Additionally, the Bill in its article 18 establishes the sanction of a fine between “1000 to 100,000 times the official exchange rate of the highest value currency published by the Central Bank of Venezuela”, to “whoever prepares, publishes, or distributes total or partial maps, plans or charts of the Bolivarian Republic of Venezuela (…) that omit the territory of the State of Guayana Esequiba.” In addition to this arbitrary restriction on freedom of expression, article 22 points against political rights by stating that “people who publicly favor Guyana’s position regarding to Guayana Esequiba or dishonor the patriotic symbols of the Nation.”

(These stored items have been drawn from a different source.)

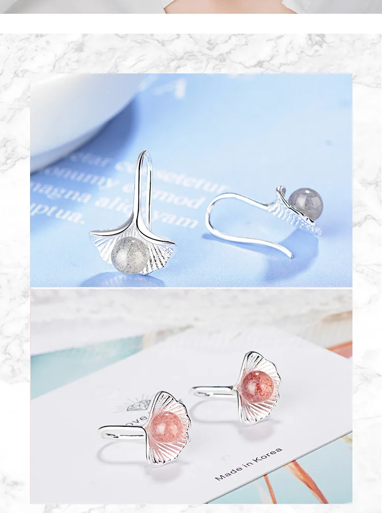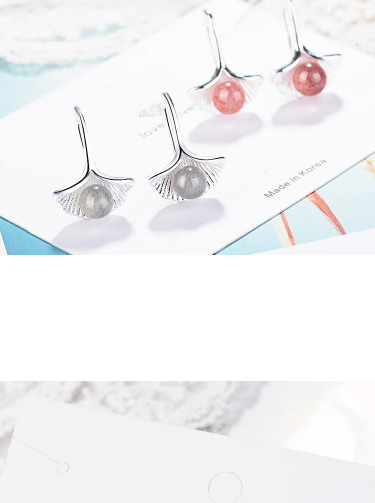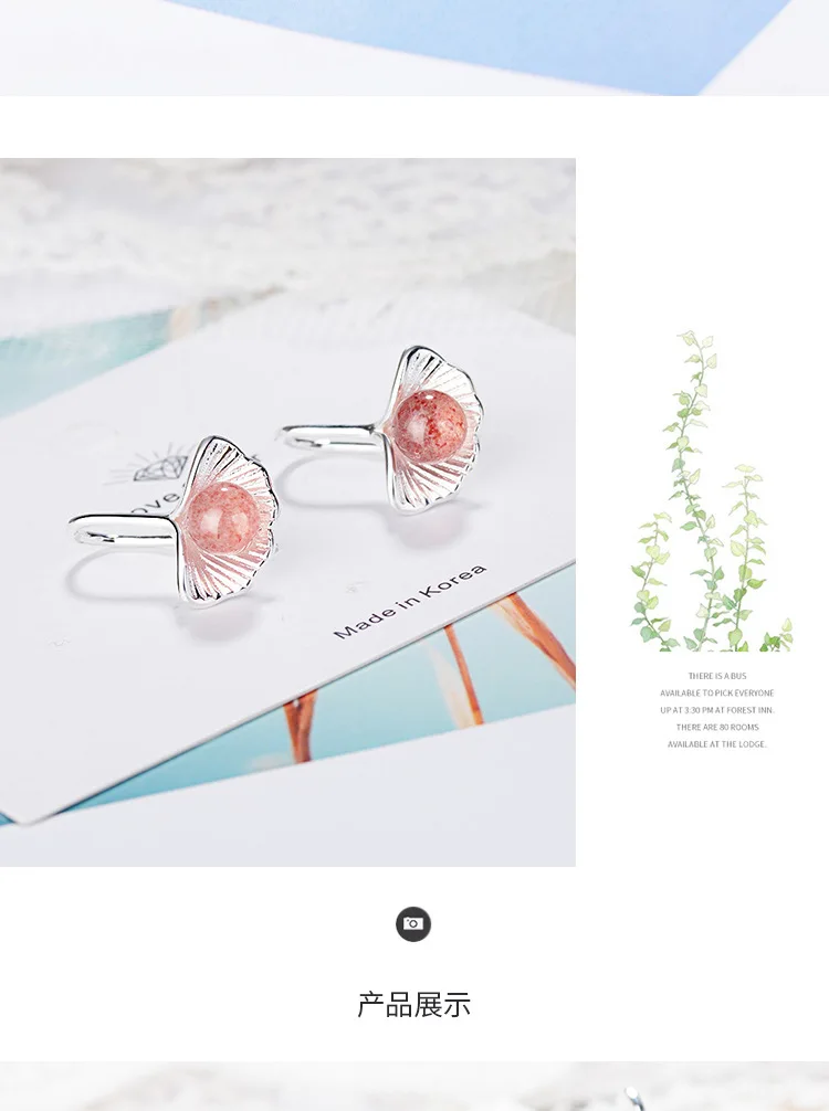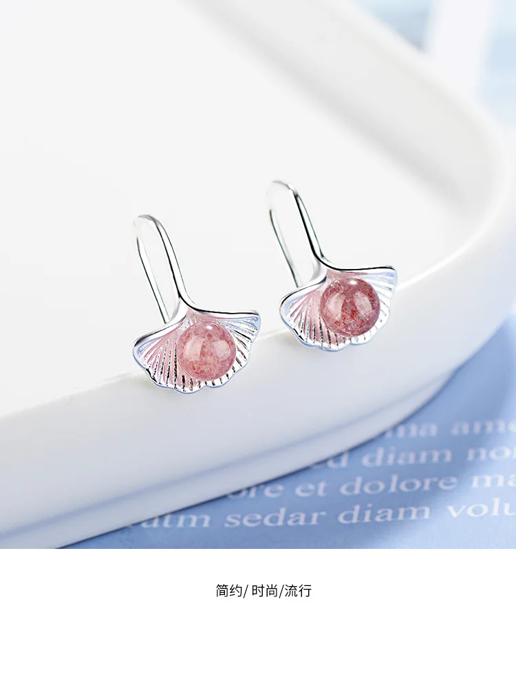 Fleepmart New Natural Creative Ginkgo Biloba Strawberry Crystal Silver Plated Jewelry Pink Ear Hook Design Dangle Earrings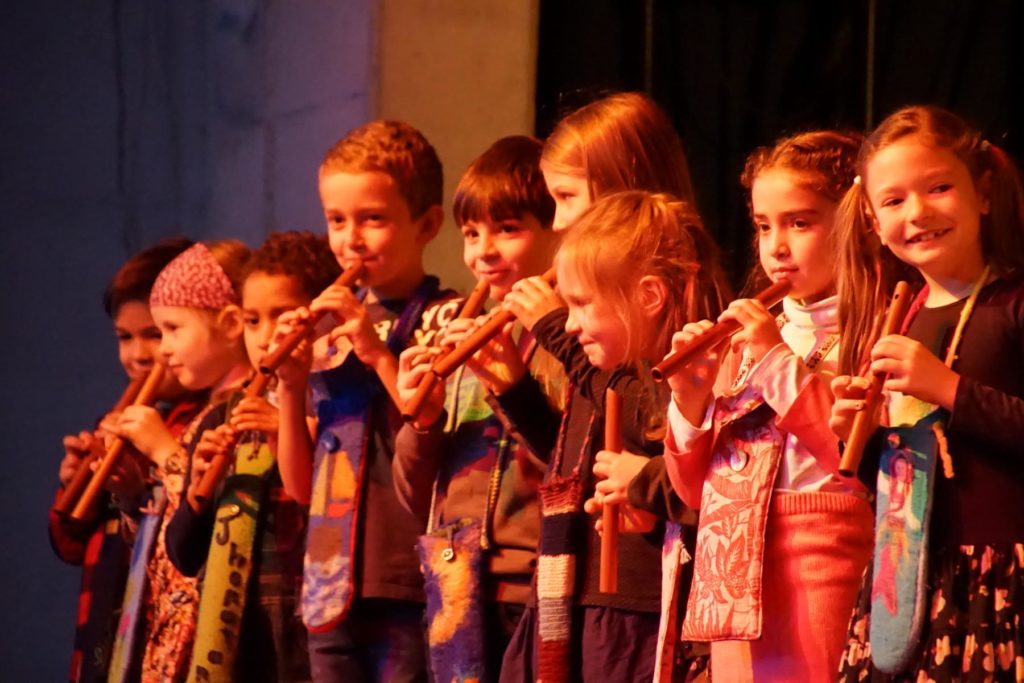 Luftig ging es los – das Konzert zur Weihnachtszeit in der Freien Waldorfschule. Die Bläser der Mittelstufe spielten den fröhlichen beschwingten „Marche des Parachutistes belges“ von Pierre Leemans und stimmten die Zuschauer ein auf einen Abend voller musikalischer Gegensätze. Gospels, Pophymnen, Vivaldi, Hanns Eisler und sogar der ebenso beliebte wie verhasste Ohrwurm „In der Weihnachtsbäckerei“ erklangen im Festsaal der Schule, wo viele Gäste stehen mussten, weil sie keinen Sitzplatz mehr bekommen hatten.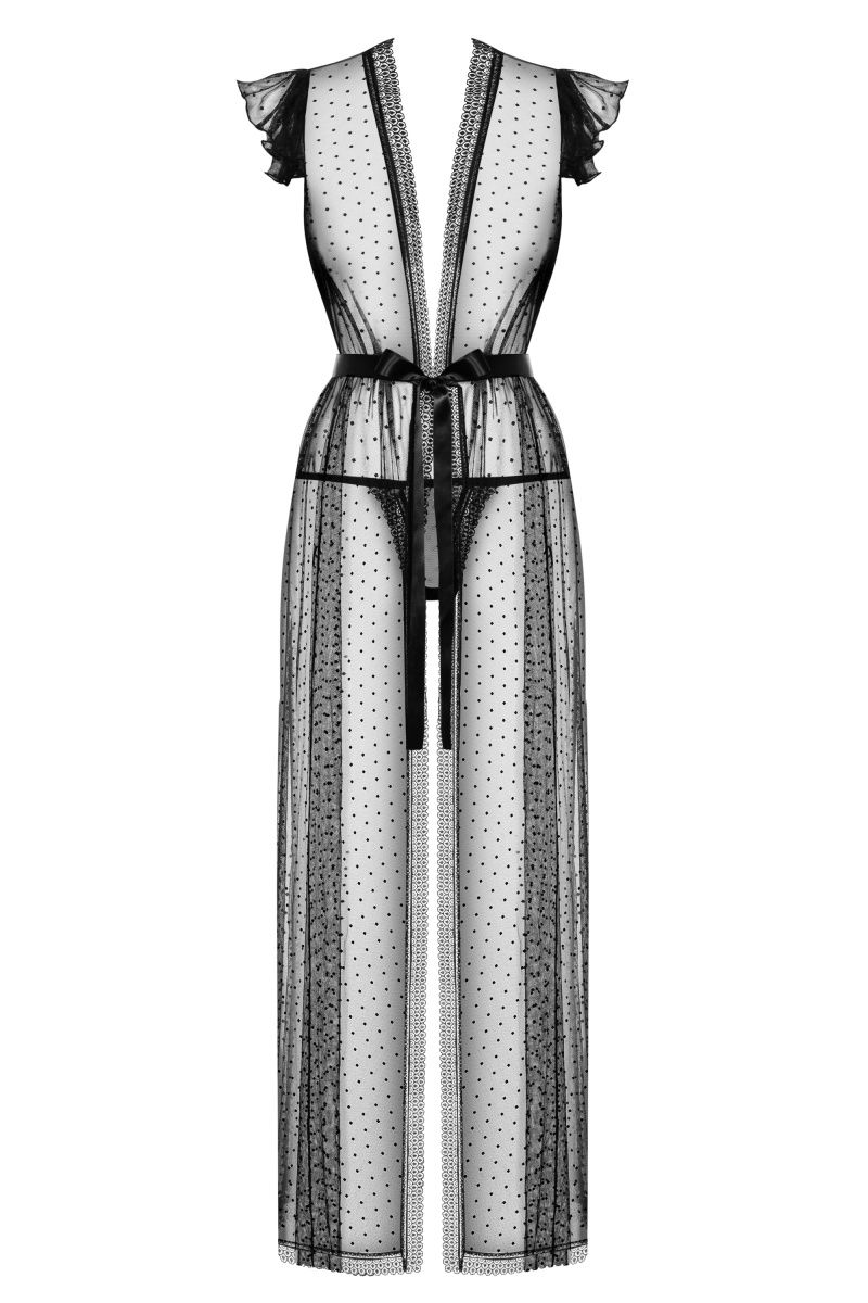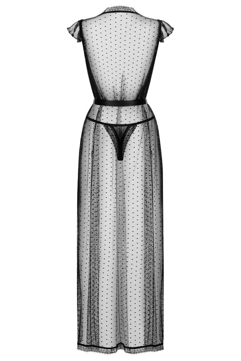 Полупрозрачный длинный пеньюар и стринги в мелкий горошек с отделкой из кружева. В комплекте: пеньюар и трусики-стринги.

Thus, the State not only promotes an increasingly intense conflict with Guyana, but also forces its population to be an active part of it, which began with the imposition of a referendum riddled with restrictive conditions and continues with the implementation of sociopolitical conditions that seek to blur the most basic rights to align the interests of society with the interests of the governing party. AlertaVenezuela warns about the government’s violent disposition to use the Venezuelan population for nationalist purposes whose paths are well known. A conflict with these dimensions is far from being a cause for the country and, on the contrary, is advancing towards new scenarios of violence that must be immediately prevented.
In short, these are measures and eventually regulations that affect, by action or omission, the rights of the population of Venezuela in an attempt to polarize based on nationalism. In this context, it is essential that the international community take all actions at its disposal to prevent the escalation of the conflict, which will only mean more suffering for the population.